POPULAR perception is that in order to be properly accepted as a grande dame of the garden, you must be wiry, grey haired and at least 75. Vera Huet is several decades short of such venerable age, but her gardening prowess and put her unequivocally amongst the ranks of the horticulturally blue blooded. "She is the one who will get up in the middle of the night to rescue a plant," one elder stateswoman says admiringly. And all agree that "I got it from Vera Huet" is the best pedigree any plant could have.

Her incomparable garden in Kilmacanogue, spectacularly ringed by the peaks of Carrigoona, Walker's Rock, the Sugar Loaf and Djouce, started as a bare, slanting field with just three features - two manhole covers and a septic tank. "I worked my way out from them," she says. "One plant would get company, and the garden just grew from there."

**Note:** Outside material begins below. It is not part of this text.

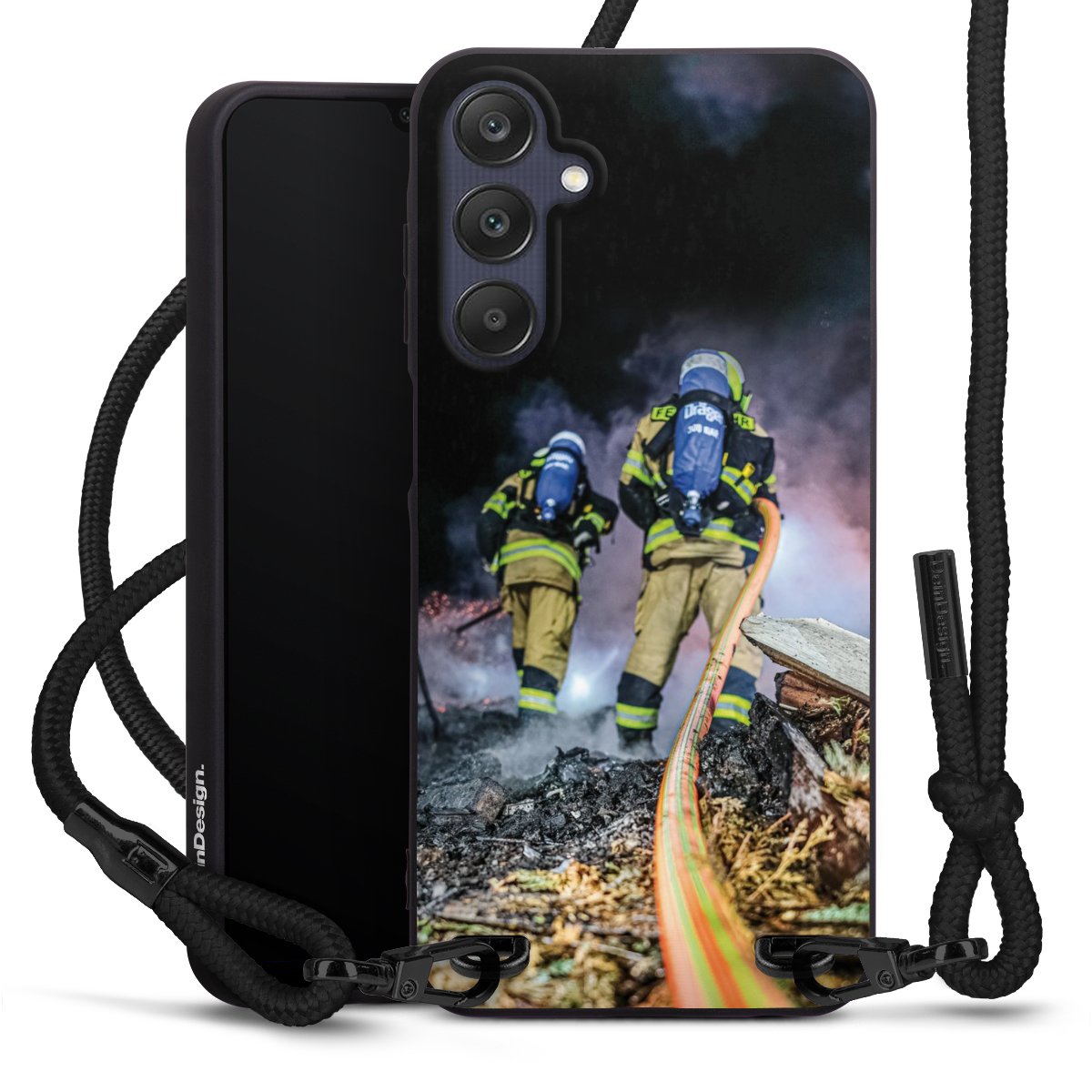 The matt black silicone case is made of flexible TPU (thermoplastic polyurethane) and offers robust protection. The durable, unbreakable material makes the cover flexible and dimensionally stable at the same time. The matte surface makes your design stand out more and is less susceptible to fingerprints and dirt. The stylish trend accessory fits comfortably in the hand and is perfectly complemented by the fabric (polyester) mobile phone strap. The braided fabric strap is approx. 1.70 metres long with a diameter of approx. 0.5 cm. Due to the special knotting technique, the length of the strap can be adjusted by simply pulling it, so that you can adapt it individually to your wishes. The practical case to wear around your neck is available with the fabric strap in black. As a little icing on the cake, we have provided the strap with a chic metal fastener in matt black. The strap is securely fastened to the case with loops made of high-quality genuine leather and press studs. The ends of the fabric strap are covered with metallic end caps and thus protected from fraying.

Oh, it grew all right. Early photographs show a few brave shrubs stranded in the great emptiness around the house. Now, 20 years on, there is so much rampant and varied plant life that the visitor is grateful for the odd bit of grass on which to rest the dizzy eye. But not only is Vera's sloping garden inhospitably dry and stony, it is also constantly whacked by furious winds that drive down from the mountains.

And because her water source is a well which is none too deep, watering must be done with buckets filled from rain butts under the eaves of the house.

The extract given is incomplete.